Is this possible? It turns out, even as you can. After all, if the same World Bank gives out real figures of the volumes of “runaway capital” from Russia, then this is another reason to talk about the need to return money to Russia. - To return funds laundered in foreign financial structures acquired by Russian “businessmen” in dirty ways and brought out of the Russian economic and criminal jurisdiction. Will Western economic and law enforcement institutions want to do this? Of course not. As a proof: these very institutions did not shy away from pocketing the Russian “dirty” billions placed in Cypriot banks — in fact, having once again laundered the laundered money — in their own, of course, in favor ...
In this regard, it is interesting to know what the Russian structures are doing in order to return the funds leaked from the Russian economy, obtained by certain individuals and legal entities, to put it mildly, not in the most transparent way. On this occasion, a few days ago, the Prosecutor General of the Russian Federation Yuri Chaika spoke in his interview Rossiyskaya Gazeta journalists, telling about how the process of asset recovery is going.
Yuri Chaika said that the Prosecutor General of the Russian Federation is taking a series of measures aimed at ensuring that finances return to the Russian economy. In particular, we are talking about submitting requests to different countries of the world and territorial associations (Cyprus, the Bahamas, France, Latvia, Ukraine, Serbia, and the United Kingdom), according to which Russia can recover a substantial amount of funds withdrawn by certain individuals. In particular, we are talking about the assets of Ashot Egiazaryan (ex-deputy of the State Duma), Alexei Kuznetsov (ex-finance minister of the government of the Moscow region), Andrey Borodin (ex-head of the Bank of Moscow), Boris Berezovsky and other fairly well-known people.
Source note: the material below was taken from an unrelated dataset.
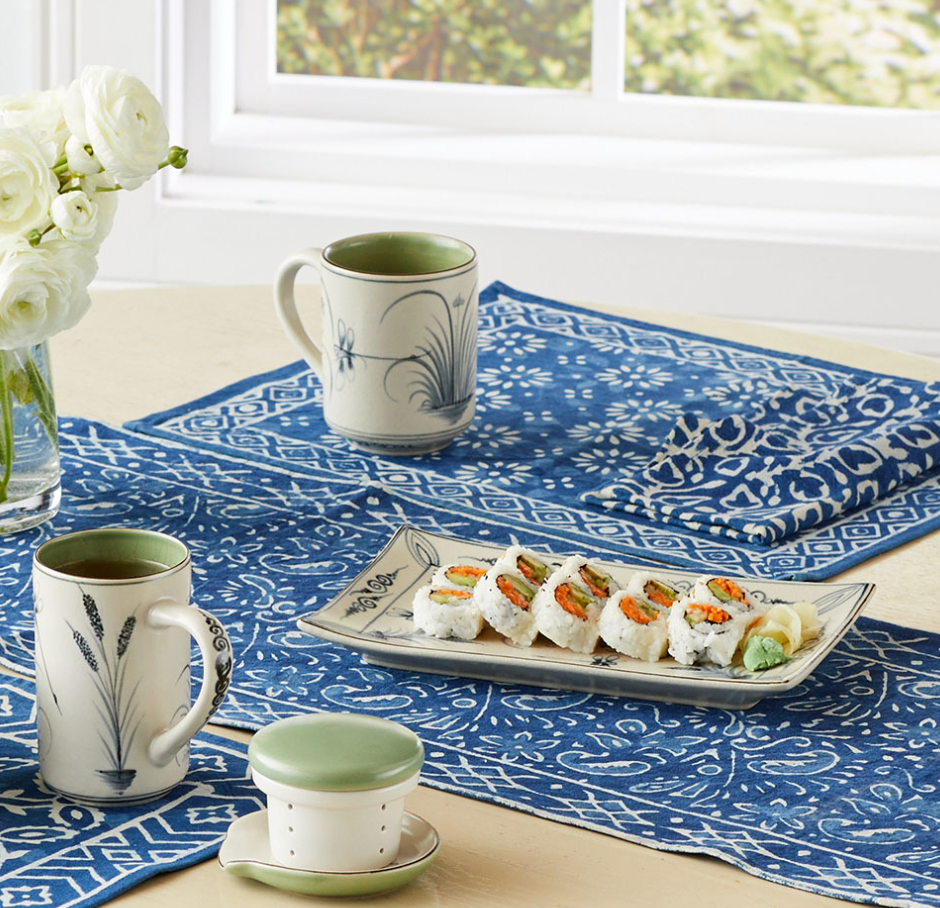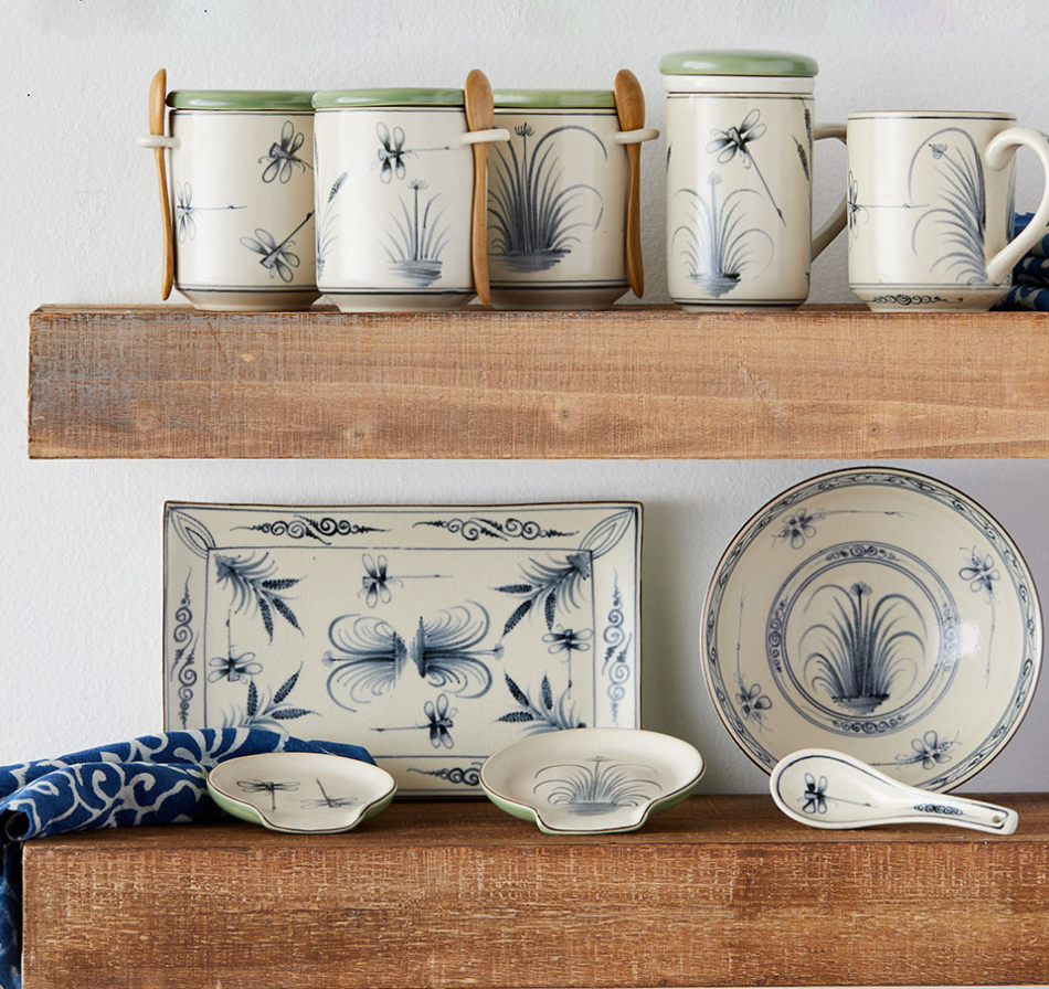 Hand-painted dishware created in Bat Trang, a Vietnamese village known for its centuries-old tradition of fine ceramics. Dragonfly and natural designs are hand painted in detail in deep spruce color to...

According to Chaika, Ukraine immediately after a request from the Russian Prosecutor General’s Office seized Berezovsky’s property, as well as stakes in Ukrainian enterprises owned by the oligarch’s family (inherited by the family). Latvia has arrested Borodin’s elite housing, a case is being heard in a Serbian court arresting the arrest of all the same Berezovsky’s 8 companies. There are precedents for the return of funds that left Russia.
The main problem so far is that far from all countries are ready to sign agreements with Russia on joint work on the return of laundered money. Not all countries are willing to part with the fact that Russian embezzlers have withdrawn from the Russian economy, leading to quiet financial havens. If the borders of Russian contacts at the law enforcement level could be expanded, the return of capital obtained in Russia by criminal and semi-criminal means and taken abroad would be a technical matter.